Government agencies, industry, military and civilian authorities are working towards the integration of UAVs into the national airspace. Safety studies, as well as risk analyses and assessments need to be conducted. Technical requirements and standards need to be developed and approved, as well as new policies, regulations and laws.

There are also a number of ethical issues that need to be addressed. Many of these concerns are highlighted on the Electronic Privacy Information Center (EPIC) web site. For example - Senator Rand Paul issued a letter to FBI Director Robert Mueller seeking answers about the FBI's domestic use of drones. In a Senate Judiciary Committee hearing on FBI oversight, Director Mueller admitted that the FBI uses drones for domestic surveillance. Mueller also stated there were no guidelines in place to regulate the FBIs use of drones and protect the privacy of Americans.
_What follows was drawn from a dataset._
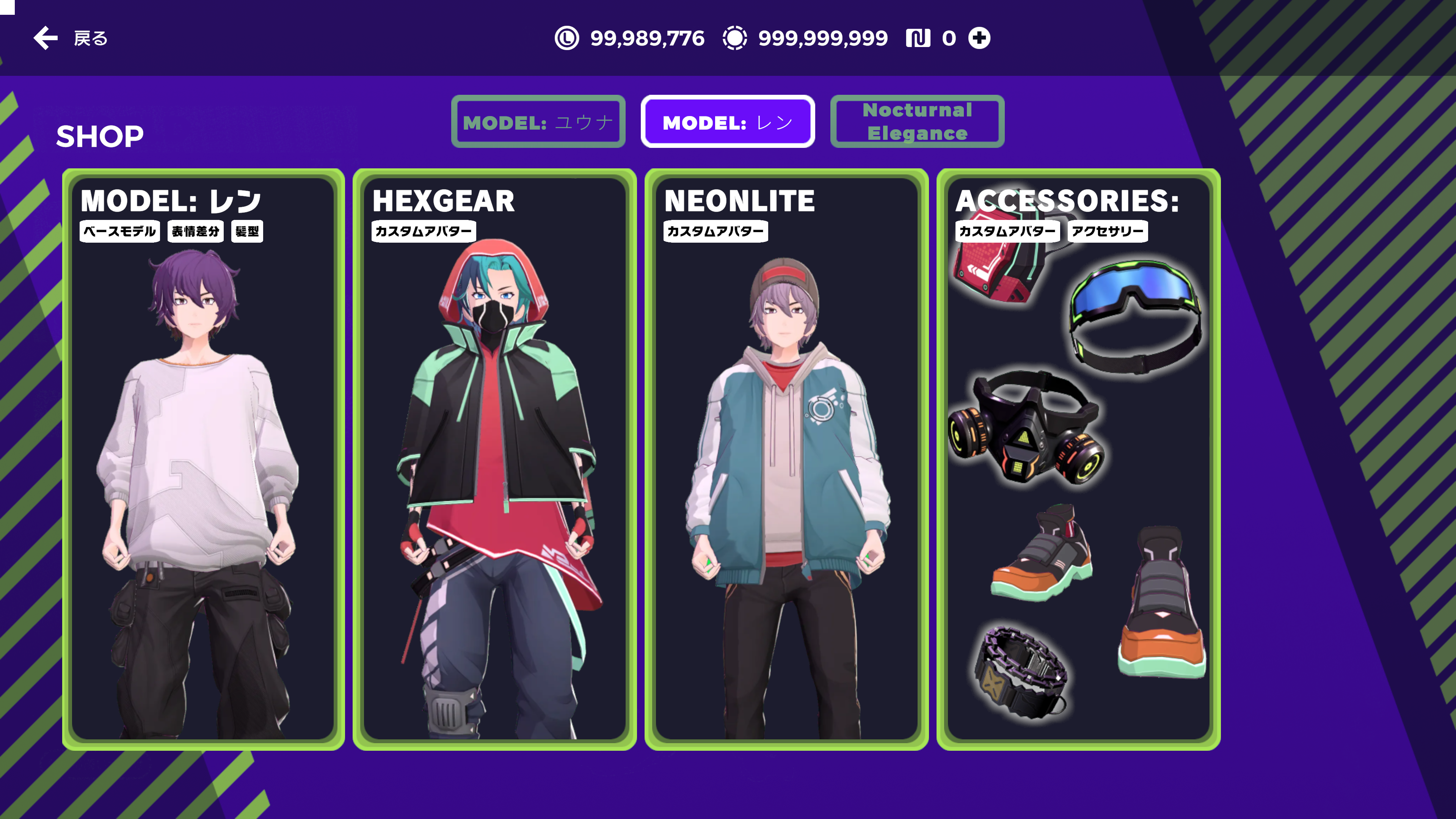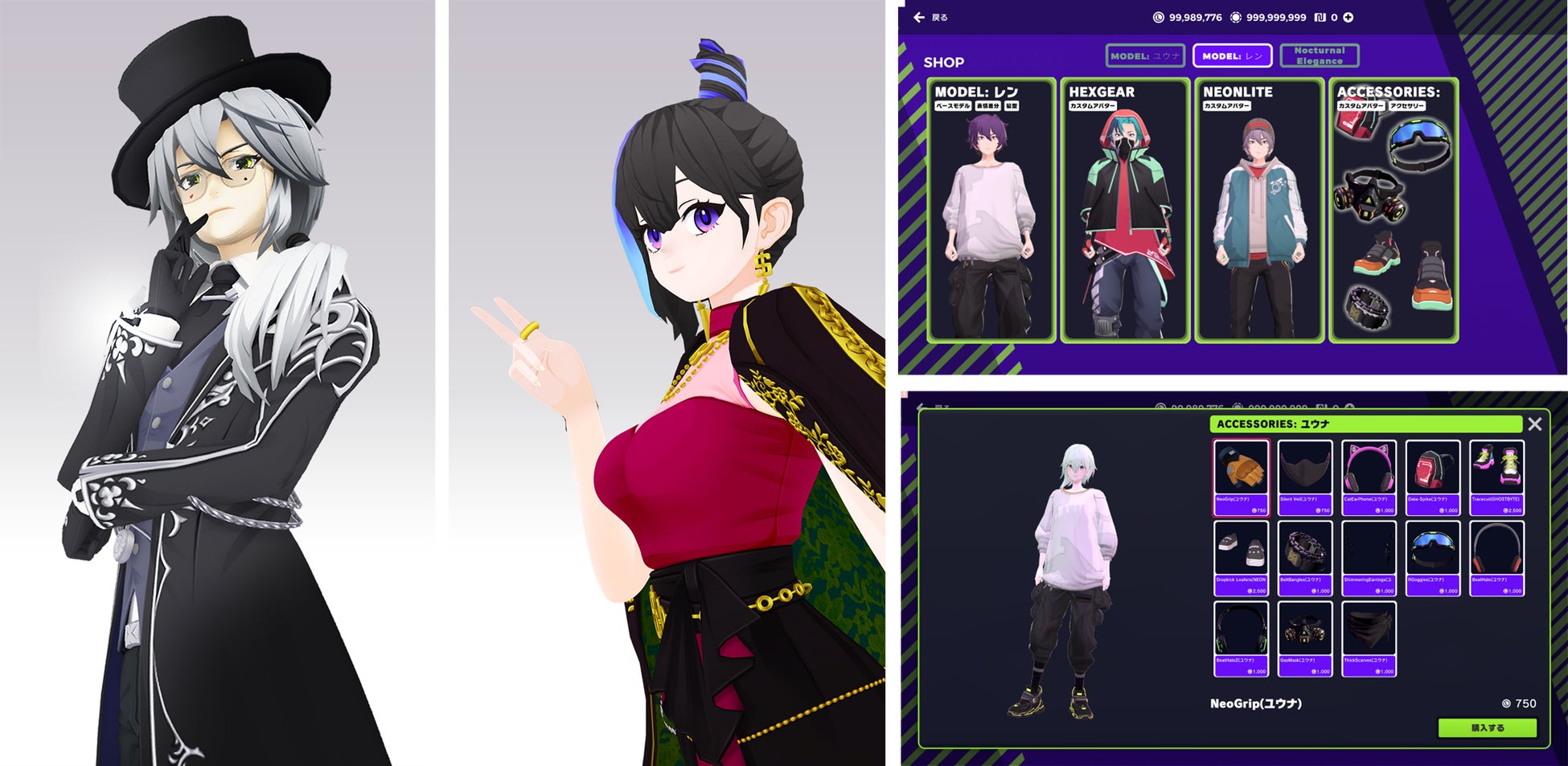 アバターは標準設定の他にゲーム内無料通貨(LUX)や有料通貨(NEWON)で購入することができ、カスタマイズが可能です。

To operate a UAV for non-recreational purposes in the U.S., users are currently granted a license to fly commercial UAVs, subject to approval by the Federal Aviation Administration (FAA), based on the set of perfunctory rules currently in place. This situation needs to be improved, given the Congressional mandate to integrate UAVs into U.S. airspace protocols is forecast to grant FAA licenses more broadly – perhaps as early as 2015.

Final Observations

The global race to build drones is rapidly heating up. Private companies in the U.S. and China are competing to grab the lion's share of both the military and burgeoning civilian drone market.

Finally -  just a few days ago on December 30, 2013, the Federal Aviation Administration (FAA) named six institutions to conduct testing and help develop the protocols for commercial use of drones.  So look out – the market is poised to take off!